To see the current state of the template, use either of these two commands:

sudo nano ~/.elasticluster/config

cat ~/.elasticluster/config

Installation Step 3 Run and verify cluster setup

To run the setup for a cluster called myslurmcluster type:

elasticluster start slurm -n myslurmcluster

This will take 10, 15 or even more minutes and the expected result is 5 new virtual machines available in the Horizon interface, configured to run as a SLURM cluster. During the creation of the cluster, hundreds of lines of text will scroll up the terminal window, perhaps like this:

../_images/errors-3.png

Be patient. ElastiCluster is provisioning no less than five fully functional virtual machines, which will act as one cluster.

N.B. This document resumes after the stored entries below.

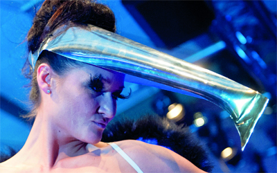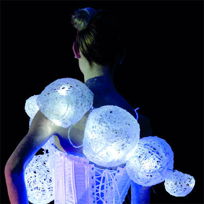 طالبات في كلية تصميم الأزياء في مدينة أوفنباخ الألمانية يعرضن نماذج من تصاميمهن المضيئة في فرانكفورت.
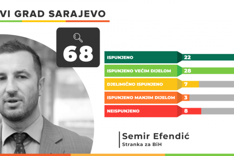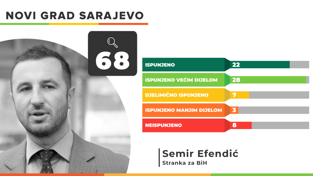 Načelnik Općine Novi Grad Sarajevo Semir Efendić od 68 obećanja iz svog programa ispunio ih je 22 u potpunosti te još 28 većim dijelom. Sedam njegovih obećanja ostalo je djelimično ispunjeno, 3 su ispunjena manjim dijelom, a 8 ih je ostalo neispunjeno.
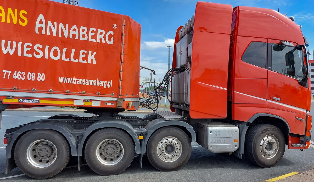 Im Mai 2022 parkte dieses beladene Gespann im Bremerhavener Hafen.

If installation and configuration went well, you will see a screen similar to this:

../_images/cluster_name.png

Here are the five new instances, one master and four worker nodes:

../_images/nodes_muslurmcluster.png

We can verify this by running SSH to the master/login node:

elasticluster ssh myslurmcluster

And from this node running a sample SLURM command:

sinfo

which will show information about the cluster:

../_images/sinfo_cluster.png

Step 4 Troubleshooting and Debugging

To troubleshoot, run the cluster setup with the -v flag to identify more detailed insights:

elasticluster -v start slurm -n myslurmcluster

This is how you can start and stop the current ElastiCluster project:

elasticluster stop -y myslurmcluster

elasticluster start myslurmcluster

What To Do Next

The article Sample Workflow: Running EO Processing MPI jobs on a SLURM Cluster on CODE-DE FRA1-1 Cloud demonstrates running MPI jobs on a SLURM cluster that you have just created.